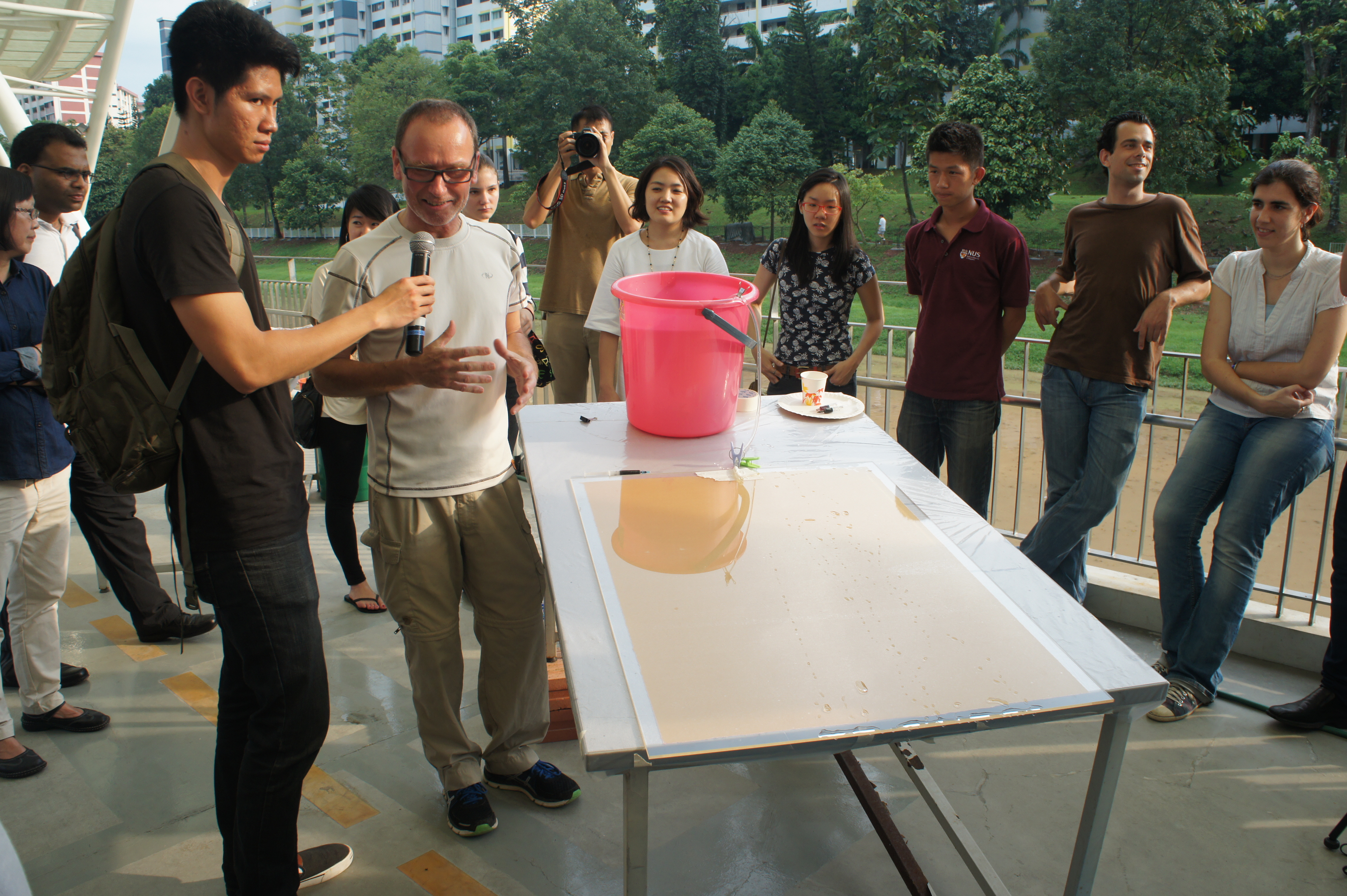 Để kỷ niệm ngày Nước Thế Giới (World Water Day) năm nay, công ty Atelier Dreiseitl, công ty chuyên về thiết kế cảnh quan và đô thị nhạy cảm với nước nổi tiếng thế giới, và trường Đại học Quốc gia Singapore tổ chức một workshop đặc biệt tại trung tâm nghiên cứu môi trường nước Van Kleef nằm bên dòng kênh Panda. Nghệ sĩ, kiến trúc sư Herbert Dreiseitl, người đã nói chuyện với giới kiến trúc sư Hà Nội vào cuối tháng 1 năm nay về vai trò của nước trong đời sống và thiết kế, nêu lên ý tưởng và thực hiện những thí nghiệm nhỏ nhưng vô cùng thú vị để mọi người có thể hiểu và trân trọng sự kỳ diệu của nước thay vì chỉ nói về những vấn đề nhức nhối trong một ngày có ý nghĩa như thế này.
==
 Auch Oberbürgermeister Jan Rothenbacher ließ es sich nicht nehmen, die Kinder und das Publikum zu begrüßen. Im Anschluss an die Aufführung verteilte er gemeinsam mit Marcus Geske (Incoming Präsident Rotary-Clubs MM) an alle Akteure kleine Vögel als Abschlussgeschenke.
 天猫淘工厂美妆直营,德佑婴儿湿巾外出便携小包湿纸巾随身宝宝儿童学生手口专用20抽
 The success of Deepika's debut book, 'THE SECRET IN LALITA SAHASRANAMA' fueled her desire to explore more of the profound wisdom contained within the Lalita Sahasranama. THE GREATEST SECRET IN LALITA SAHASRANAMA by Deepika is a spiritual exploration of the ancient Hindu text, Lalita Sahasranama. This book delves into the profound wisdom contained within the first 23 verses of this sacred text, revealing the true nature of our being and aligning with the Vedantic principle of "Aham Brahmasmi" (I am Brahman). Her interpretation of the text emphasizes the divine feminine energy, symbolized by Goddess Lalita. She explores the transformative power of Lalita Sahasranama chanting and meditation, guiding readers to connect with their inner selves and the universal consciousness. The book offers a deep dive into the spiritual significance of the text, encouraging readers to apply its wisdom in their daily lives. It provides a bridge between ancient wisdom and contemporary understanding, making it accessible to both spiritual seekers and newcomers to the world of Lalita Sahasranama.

> [Prompt]:
Where the listing above has a line with "Auch Oberbürgermeister Jan", start there, and output every line exactly through the line with "天猫淘工厂美妆直营,德佑婴儿", which is also included.

> [Reply]:
 Auch Oberbürgermeister Jan Rothenbacher ließ es sich nicht nehmen, die Kinder und das Publikum zu begrüßen. Im Anschluss an die Aufführung verteilte er gemeinsam mit Marcus Geske (Incoming Präsident Rotary-Clubs MM) an alle Akteure kleine Vögel als Abschlussgeschenke.
 天猫淘工厂美妆直营,德佑婴儿湿巾外出便携小包湿纸巾随身宝宝儿童学生手口专用20抽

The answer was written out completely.